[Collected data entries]

_ _ _

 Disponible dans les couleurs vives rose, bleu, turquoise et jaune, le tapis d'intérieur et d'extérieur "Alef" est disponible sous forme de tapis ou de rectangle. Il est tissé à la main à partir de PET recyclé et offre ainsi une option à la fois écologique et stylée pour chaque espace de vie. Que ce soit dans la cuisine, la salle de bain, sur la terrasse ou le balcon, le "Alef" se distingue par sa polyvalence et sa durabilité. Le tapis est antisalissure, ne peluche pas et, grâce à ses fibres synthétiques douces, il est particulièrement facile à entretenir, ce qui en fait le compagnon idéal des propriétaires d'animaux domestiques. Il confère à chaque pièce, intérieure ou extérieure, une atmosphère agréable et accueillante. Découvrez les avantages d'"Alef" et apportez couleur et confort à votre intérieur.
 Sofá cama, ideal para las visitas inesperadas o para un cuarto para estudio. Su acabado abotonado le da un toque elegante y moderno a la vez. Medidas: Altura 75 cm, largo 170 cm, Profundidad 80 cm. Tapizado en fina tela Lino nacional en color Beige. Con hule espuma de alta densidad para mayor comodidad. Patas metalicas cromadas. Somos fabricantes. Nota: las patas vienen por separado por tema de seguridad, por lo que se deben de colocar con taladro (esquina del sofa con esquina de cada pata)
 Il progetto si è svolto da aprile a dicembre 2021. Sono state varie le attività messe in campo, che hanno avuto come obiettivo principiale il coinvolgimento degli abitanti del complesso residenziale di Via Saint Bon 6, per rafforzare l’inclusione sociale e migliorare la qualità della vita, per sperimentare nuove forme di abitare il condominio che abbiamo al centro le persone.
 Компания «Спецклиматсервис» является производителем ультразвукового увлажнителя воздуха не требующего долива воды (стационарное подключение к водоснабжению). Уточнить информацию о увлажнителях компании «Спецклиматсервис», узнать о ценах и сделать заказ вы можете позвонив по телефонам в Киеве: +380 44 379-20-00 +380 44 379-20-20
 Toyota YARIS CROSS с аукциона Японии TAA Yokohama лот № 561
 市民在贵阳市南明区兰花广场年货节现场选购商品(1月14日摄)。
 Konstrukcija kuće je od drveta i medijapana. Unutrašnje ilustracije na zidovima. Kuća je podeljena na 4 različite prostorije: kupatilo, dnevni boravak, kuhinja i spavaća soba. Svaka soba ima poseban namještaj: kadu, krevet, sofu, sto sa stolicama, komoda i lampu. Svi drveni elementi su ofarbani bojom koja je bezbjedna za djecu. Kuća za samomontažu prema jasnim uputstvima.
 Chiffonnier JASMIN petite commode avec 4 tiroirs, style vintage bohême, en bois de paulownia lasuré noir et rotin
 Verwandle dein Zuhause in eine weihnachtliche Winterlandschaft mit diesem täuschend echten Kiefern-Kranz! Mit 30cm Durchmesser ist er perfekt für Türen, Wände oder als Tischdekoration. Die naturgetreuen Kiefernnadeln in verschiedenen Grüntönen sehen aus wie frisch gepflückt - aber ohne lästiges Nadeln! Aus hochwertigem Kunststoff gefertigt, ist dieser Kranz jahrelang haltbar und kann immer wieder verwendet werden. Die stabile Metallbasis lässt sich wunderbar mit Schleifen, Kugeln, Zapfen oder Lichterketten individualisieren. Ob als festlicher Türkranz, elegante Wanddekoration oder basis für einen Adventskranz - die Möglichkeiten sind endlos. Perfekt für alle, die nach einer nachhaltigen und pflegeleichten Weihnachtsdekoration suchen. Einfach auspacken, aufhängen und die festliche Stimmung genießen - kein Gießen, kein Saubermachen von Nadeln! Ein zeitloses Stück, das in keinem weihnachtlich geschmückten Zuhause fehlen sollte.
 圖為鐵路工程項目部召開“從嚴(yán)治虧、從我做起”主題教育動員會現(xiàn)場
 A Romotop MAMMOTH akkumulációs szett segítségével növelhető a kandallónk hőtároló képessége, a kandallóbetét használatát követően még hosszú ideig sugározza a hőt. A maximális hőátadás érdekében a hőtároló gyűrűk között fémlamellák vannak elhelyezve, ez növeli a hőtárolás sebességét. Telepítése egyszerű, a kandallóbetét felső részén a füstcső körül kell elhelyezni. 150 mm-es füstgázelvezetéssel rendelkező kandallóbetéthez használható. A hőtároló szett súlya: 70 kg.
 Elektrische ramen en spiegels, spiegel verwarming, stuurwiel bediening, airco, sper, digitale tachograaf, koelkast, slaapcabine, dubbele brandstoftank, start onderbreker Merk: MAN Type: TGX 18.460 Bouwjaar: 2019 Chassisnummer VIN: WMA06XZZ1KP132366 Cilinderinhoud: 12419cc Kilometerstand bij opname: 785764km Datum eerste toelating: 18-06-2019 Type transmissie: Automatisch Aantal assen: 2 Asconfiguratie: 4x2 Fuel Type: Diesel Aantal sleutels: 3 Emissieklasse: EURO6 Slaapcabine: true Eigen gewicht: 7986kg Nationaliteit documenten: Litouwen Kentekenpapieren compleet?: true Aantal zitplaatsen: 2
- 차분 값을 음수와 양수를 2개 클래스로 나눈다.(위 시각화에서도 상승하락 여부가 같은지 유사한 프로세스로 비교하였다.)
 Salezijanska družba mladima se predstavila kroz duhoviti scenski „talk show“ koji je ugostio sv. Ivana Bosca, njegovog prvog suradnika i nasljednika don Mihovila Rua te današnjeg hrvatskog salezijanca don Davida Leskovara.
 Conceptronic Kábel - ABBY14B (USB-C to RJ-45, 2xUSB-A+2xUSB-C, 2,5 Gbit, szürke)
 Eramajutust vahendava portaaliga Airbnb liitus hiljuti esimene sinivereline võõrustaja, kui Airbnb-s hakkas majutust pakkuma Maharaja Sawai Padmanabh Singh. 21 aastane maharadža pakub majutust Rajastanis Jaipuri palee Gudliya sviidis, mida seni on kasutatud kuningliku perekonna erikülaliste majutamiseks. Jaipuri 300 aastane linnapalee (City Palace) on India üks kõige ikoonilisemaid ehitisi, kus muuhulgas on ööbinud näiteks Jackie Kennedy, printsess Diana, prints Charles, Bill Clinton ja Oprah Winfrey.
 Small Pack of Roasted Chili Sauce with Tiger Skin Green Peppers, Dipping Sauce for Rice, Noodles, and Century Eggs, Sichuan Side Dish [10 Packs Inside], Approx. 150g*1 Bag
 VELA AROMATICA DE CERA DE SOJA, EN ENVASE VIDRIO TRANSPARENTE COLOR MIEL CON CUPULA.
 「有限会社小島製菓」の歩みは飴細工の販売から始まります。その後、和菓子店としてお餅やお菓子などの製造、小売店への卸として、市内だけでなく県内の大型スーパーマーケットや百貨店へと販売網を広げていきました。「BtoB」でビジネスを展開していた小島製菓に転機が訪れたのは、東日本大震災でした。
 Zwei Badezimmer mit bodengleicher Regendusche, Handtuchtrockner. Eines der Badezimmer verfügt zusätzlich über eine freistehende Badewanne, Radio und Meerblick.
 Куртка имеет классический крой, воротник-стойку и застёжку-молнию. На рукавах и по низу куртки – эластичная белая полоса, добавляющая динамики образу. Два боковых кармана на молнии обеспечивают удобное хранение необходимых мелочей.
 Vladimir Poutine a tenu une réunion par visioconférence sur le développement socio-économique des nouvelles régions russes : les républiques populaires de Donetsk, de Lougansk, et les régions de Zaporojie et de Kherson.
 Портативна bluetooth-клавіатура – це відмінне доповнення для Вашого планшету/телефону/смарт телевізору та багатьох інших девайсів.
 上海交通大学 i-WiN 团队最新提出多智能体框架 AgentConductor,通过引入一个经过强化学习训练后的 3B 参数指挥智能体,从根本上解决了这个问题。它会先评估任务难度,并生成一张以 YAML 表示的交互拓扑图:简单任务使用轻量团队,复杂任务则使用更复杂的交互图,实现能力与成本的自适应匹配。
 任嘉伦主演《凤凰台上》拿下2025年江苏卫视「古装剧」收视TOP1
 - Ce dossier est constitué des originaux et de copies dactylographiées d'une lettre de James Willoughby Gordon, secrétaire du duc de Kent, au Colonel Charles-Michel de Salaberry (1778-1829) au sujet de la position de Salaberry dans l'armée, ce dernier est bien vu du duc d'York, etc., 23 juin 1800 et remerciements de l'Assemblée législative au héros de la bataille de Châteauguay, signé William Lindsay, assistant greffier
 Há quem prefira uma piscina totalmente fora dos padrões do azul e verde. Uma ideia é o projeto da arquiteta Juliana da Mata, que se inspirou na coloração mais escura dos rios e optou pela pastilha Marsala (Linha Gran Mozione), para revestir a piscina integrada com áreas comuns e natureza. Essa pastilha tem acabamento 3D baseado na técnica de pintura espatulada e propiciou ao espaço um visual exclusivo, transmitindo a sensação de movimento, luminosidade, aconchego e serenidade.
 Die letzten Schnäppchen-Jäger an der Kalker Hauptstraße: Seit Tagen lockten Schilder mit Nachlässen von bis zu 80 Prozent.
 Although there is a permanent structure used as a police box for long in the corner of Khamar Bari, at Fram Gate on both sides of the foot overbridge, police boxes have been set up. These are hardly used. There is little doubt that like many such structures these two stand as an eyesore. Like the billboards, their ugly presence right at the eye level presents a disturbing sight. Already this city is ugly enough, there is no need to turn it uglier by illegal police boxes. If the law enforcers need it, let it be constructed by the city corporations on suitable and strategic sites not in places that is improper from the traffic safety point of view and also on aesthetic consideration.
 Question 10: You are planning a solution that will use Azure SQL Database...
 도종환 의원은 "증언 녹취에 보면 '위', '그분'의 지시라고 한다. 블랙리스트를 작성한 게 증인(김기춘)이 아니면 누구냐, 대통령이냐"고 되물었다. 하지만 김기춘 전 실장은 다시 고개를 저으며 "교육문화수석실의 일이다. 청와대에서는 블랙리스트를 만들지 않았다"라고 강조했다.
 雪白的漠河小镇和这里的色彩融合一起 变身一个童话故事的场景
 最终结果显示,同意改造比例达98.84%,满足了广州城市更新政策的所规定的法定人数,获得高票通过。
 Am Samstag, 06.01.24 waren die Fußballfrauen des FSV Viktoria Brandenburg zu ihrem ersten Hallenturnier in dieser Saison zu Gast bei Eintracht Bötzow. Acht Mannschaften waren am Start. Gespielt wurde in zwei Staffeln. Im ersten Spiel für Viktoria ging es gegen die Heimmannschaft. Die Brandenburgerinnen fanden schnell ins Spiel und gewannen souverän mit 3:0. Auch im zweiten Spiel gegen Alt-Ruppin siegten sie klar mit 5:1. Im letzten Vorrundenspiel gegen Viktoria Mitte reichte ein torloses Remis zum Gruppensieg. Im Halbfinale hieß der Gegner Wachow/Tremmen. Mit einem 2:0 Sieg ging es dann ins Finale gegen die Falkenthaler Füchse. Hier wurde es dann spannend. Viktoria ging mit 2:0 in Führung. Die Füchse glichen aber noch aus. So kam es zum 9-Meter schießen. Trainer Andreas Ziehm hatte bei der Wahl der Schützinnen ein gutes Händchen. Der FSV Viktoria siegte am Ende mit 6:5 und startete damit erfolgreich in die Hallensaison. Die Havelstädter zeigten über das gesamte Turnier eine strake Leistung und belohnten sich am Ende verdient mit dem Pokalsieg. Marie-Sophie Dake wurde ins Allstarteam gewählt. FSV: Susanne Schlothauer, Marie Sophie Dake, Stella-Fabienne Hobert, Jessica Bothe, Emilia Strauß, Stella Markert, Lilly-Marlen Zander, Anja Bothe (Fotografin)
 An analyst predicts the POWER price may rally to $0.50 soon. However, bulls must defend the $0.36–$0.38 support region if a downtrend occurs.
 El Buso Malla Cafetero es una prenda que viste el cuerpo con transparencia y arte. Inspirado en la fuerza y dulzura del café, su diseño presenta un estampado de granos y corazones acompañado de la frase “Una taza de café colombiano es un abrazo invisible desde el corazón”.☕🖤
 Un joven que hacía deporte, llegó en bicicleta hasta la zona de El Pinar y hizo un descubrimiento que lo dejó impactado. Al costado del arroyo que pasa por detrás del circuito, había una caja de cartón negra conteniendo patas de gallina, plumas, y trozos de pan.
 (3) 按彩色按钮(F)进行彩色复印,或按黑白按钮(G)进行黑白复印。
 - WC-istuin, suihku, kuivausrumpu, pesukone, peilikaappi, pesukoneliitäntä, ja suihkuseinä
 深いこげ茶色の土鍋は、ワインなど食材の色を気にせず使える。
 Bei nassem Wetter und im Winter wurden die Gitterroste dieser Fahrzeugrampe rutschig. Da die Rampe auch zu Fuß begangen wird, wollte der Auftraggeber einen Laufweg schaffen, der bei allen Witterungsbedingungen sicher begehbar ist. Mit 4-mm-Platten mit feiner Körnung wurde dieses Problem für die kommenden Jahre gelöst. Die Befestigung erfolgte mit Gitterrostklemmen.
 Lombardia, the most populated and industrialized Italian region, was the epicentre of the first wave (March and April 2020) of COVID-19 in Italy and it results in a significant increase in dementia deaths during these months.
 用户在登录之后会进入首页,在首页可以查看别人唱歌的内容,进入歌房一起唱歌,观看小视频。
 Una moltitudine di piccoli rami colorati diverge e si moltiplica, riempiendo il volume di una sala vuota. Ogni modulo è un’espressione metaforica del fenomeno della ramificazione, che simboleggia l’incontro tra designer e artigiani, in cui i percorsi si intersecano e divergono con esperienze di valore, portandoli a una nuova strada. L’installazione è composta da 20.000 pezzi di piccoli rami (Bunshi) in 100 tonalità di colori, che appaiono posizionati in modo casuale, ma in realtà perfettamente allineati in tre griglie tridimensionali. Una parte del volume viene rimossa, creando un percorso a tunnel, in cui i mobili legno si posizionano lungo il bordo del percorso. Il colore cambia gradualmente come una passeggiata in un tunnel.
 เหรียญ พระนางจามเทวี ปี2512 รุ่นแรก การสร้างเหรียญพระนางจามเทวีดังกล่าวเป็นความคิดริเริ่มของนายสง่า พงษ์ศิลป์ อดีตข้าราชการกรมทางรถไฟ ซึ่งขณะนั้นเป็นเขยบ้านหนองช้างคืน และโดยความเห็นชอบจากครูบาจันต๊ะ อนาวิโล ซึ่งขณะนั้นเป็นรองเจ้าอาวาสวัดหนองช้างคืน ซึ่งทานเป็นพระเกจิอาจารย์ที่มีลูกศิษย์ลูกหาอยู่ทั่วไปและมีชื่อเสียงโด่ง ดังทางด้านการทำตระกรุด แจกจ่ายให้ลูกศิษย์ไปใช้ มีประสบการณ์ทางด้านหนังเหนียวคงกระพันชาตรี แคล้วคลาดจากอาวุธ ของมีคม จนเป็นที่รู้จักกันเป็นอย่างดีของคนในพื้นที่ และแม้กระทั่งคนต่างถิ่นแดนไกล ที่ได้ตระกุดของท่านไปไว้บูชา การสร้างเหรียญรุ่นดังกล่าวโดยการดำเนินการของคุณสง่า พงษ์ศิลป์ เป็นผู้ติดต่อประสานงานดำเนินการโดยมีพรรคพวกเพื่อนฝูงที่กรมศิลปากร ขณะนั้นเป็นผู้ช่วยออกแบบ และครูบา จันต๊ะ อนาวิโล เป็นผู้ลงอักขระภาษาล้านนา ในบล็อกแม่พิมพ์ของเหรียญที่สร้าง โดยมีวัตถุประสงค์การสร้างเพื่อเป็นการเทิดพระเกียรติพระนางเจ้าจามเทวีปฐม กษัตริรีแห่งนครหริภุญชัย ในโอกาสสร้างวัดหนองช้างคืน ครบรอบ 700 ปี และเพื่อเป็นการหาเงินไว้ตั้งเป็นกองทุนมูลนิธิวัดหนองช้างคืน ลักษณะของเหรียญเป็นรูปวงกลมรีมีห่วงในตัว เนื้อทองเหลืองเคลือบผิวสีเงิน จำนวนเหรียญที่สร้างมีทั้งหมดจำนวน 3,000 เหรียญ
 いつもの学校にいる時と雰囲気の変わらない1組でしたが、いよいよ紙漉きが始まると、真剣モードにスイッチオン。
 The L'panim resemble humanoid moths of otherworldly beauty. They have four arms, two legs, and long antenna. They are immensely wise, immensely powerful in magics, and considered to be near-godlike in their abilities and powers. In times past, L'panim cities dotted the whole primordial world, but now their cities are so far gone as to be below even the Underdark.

_ _ _

• [Problem to solve]: What are the lines above, starting at the one with "Bei nassem Wetter" and ending at the one with "Una moltitudine di"? Give them again exactly, and only them.

• [Task answer]:
 Bei nassem Wetter und im Winter wurden die Gitterroste dieser Fahrzeugrampe rutschig. Da die Rampe auch zu Fuß begangen wird, wollte der Auftraggeber einen Laufweg schaffen, der bei allen Witterungsbedingungen sicher begehbar ist. Mit 4-mm-Platten mit feiner Körnung wurde dieses Problem für die kommenden Jahre gelöst. Die Befestigung erfolgte mit Gitterrostklemmen.
 Lombardia, the most populated and industrialized Italian region, was the epicentre of the first wave (March and April 2020) of COVID-19 in Italy and it results in a significant increase in dementia deaths during these months.
 用户在登录之后会进入首页,在首页可以查看别人唱歌的内容,进入歌房一起唱歌,观看小视频。
 Una moltitudine di piccoli rami colorati diverge e si moltiplica, riempiendo il volume di una sala vuota. Ogni modulo è un’espressione metaforica del fenomeno della ramificazione, che simboleggia l’incontro tra designer e artigiani, in cui i percorsi si intersecano e divergono con esperienze di valore, portandoli a una nuova strada. L’installazione è composta da 20.000 pezzi di piccoli rami (Bunshi) in 100 tonalità di colori, che appaiono posizionati in modo casuale, ma in realtà perfettamente allineati in tre griglie tridimensionali. Una parte del volume viene rimossa, creando un percorso a tunnel, in cui i mobili legno si posizionano lungo il bordo del percorso. Il colore cambia gradualmente come una passeggiata in un tunnel.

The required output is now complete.